Et c'est parce que les parties du roman qui mettent en scène les assauts de Cujo sont les mieux réussies qu'on se fout un peu du reste du roman. Toutes ces histoires d'adultère, de céréales, de publicitaires, de saccage d'une maison... ce n'est que du blabla inutile. A aucun moment ça n'ajoute de l'intérêt à l'intrigue. Pire encore : le fait de couper les scènes avec Cujo et d'enchainer sur les problèmes professionnels du mari de Donna, ça ne fait que faire retomber la pression et l'empêche de s'accumuler. Il y a certains livres de King dont la lecture me donnait des sueurs froides. Ici, pas trop le temps de bien ressentir le Stress, celui qui porte la marque caractéristique de l'auteur. Le Stress est créé avec brio, puis disparait avec maladresse.

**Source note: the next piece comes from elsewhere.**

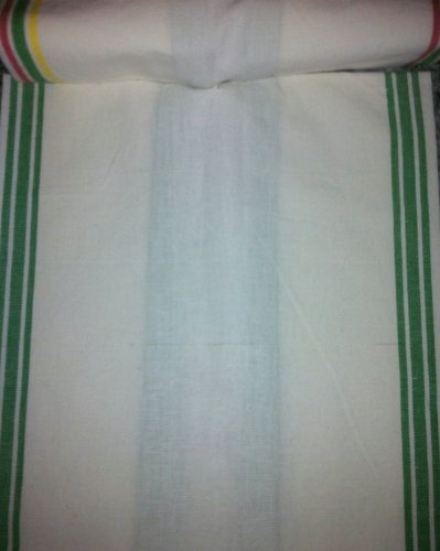 - Each has the Logo on 1 end, only difference in the towels is that one has green stripes and one has green,yellow and red stripes.

King insiste donc sur son principal atout pour en faire un défaut de taille : lui qui détaille si bien ses personnages, par exemple dans Le Fléau ou Ca, qui leur donne vie avec brio... ici, il détaille tellement que ça en devient presque chiant pour le lecteur. Peut-être qu'un livre plus court et davantage centré sur le huit-clos aurait été préférable, qui sait ?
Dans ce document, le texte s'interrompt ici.